Section 1.8 Written Consent in Lieu of Meeting.
Any action required or permitted to be taken at any annual or special
meeting of Stockholders may be taken without a meeting, without prior notice and
without vote, if a consent in writing, setting forth the action so taken, shall
be signed by the holders of outstanding stock having not less than the minimum
number of votes that would be necessary to authorize or take such action at a
meeting at which all shares entitled to vote thereon were present and voted.
Prompt notice of the taking of the corporate action without a meeting by less
than unanimous written consent shall be given to those Stockholders who have not
consented in writing.
Section 1.9 List of Stockholders.
Upon request in writing by a Stockholder, the officer who has charge of
the stock ledger of the Corporation shall prepare and make, at least ten (10)
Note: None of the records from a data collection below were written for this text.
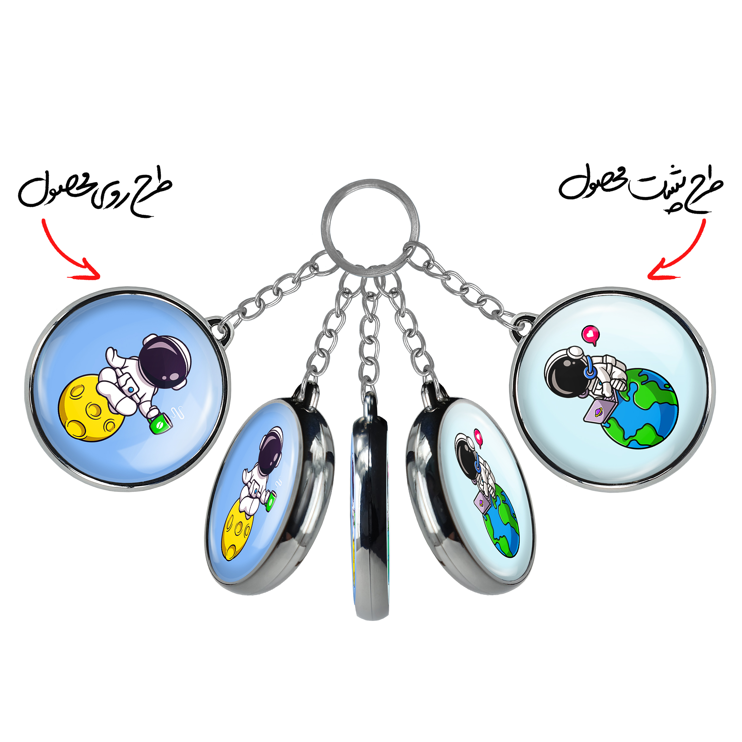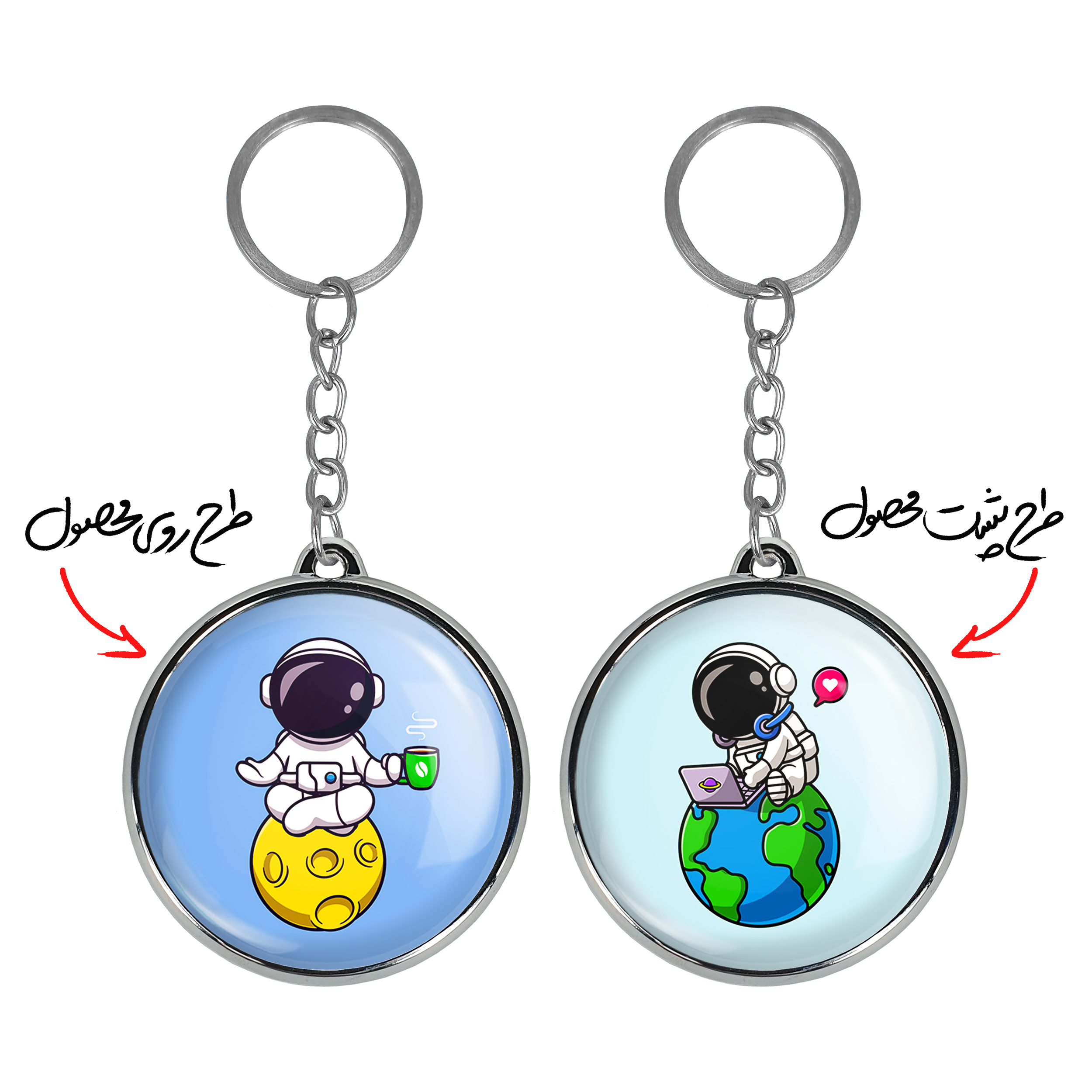 جاکلیدی دوطرفه فضانوردخندالو محصولی کاربردی و جدید است که در هر دو سمت محصول، تصویری متفاوت اما از یک موضوع چاپ شده و تفاوت اصلی آن با جاکلیدی های یک طرفه در همین است که هر دو سمت پشت و روی جاکلیدی، طرحی دیدنی و جذاب دارد.
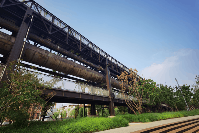 工厂外迁后,经过改造惊艳转身变成了工业风的遗址公园,那些曾经创造过辉煌的烟囱、厂房、运输管道转而变成了令人惊叹的特色景观。
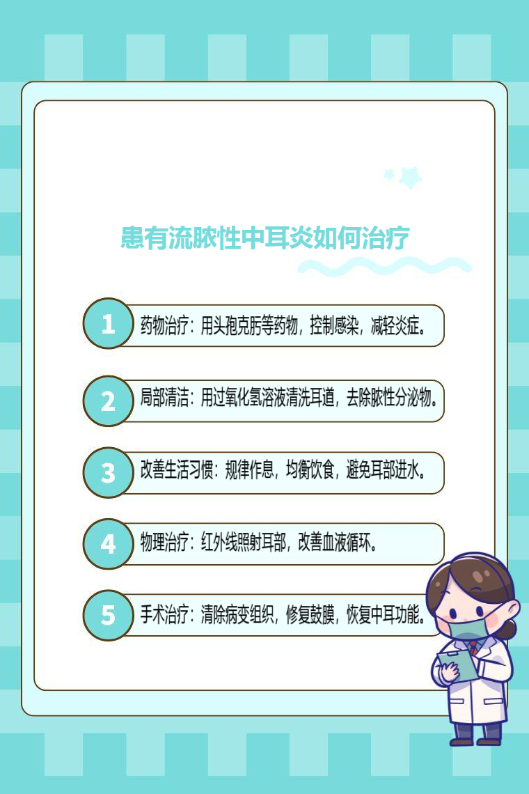 患有流脓性中耳炎的治疗方法主要有药物治疗、局部清洁、改善生活习惯、物理治疗、手术治疗等。
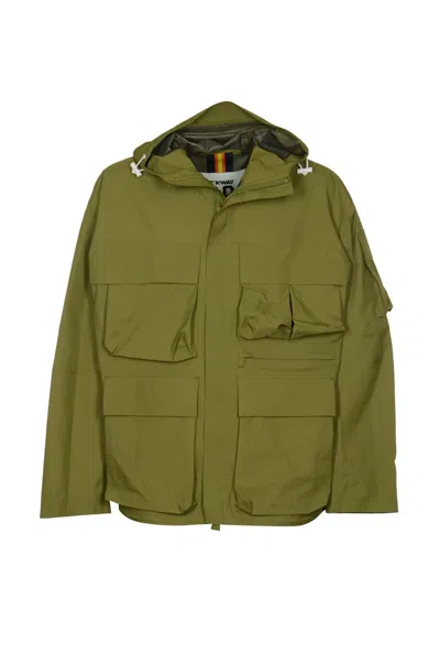 Claudel is a short jacket with a sporty and loose fit design, ideal for mid seasons. It is made from a 3-layer technical fabric that is windproof and waterproof up to 5000 water columns, providing comfort against the skin. The jacket stands out for its utility style, featuring a full zip construction with a enveloping hood, elasticized cuffs, and an adjustable lower hem with a drawstring. It includes 4 large front flap pockets, a pocket on the sleeve, and a rear pocket that allows the garment to be packed away. Amiable is the K-Way project that combines functionality and environmental respect. This garment is made from 100% recycled and recyclable nylon, finished with windproof thermosealed seams, also made from recycled materials. Features Description: Jackets, Mid Gender: Unisex Season: Spring, Summer Composition Entire: 49% Nylon, 21% Polyester, 30% Poliuretane
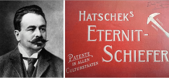 Según consta en su biografía, Hatschek compró en 1893 una fábrica de papel en desuso en Schöndorf, cerca de Vöcklabruck, Austria. Para esta fábrica, adquirió máquinas de hilar de amianto (asbesto) usadas de una hilandería incendiada en Lend fibra que, sumada al cemento, celulosa, aire y agua, le permitió concretar la idea de producir un material “más ligero que el ladrillo, más barato que la pizarra y mejor que la chapa”. De lo que recogemos del portal https://www.eternit.at, Hatschek “llama al primer material de construcción producido industrialmente del mundo ‘Eternit’, derivado del latín ‘aeternus’, que significa algo así como ‘eterno’ y debería revolucionar el mercado: debido a las propiedades físicas especiales de los paneles Eternit, como resistencia a las heladas, resistencia al fuego y de peso ligero, el material de construcción encuentra rápidamente partidarios”.
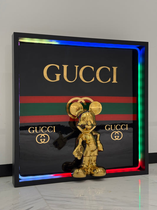 Golden Mickey in Gucci Box Frame with Light – Luxury Art That Shines
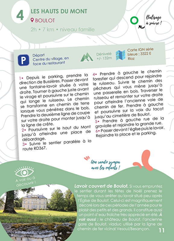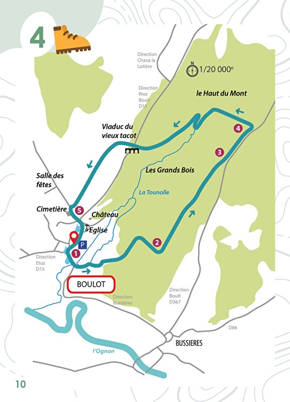 4• Prendre à gauche le chemin forestier qui descend pour rejoindre le ruisseau. Suivre le chemin des pêcheurs qui vous mène jusqu’à une passerelle en bois. Traverser le ruisseau et remonter sur votre droite pour atteindre l’ancienne voie de chemin de fer. Prendre à gauche et poursuivre sur la voix du tacot jusqu’au cimetière de Boulot.
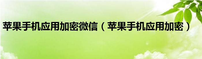 大家好,小晋来为大家解答以下问题,关于苹果手机应用加密微信,苹果手机应用加密很多人还不知道,今天让我们一起来看看吧!

days before every meeting of Stockholders, a complete list of the Stockholders
entitled to vote at the meeting, arranged in alphabetical order, and showing the
address of each Stockholder and the number of shares registered in the name of
each Stockholder. No share of stock upon which any installment is due and unpaid
on the record date for a meeting shall be voted at such meeting. The list shall
be open to the examination of any Stockholder, for any purpose germane to the
meeting, during ordinary business hours, for a period of at least ten (10) days
prior to the meeting, either at a place within the city where the meeting is to
be held, which place shall be specified in the notice of the meeting, or, if not
so specified, at the principal office of the Corporation. The list shall also be
produced and kept at the time and place of the meeting during the whole time
thereof, and may be inspected by any Stockholder who is present.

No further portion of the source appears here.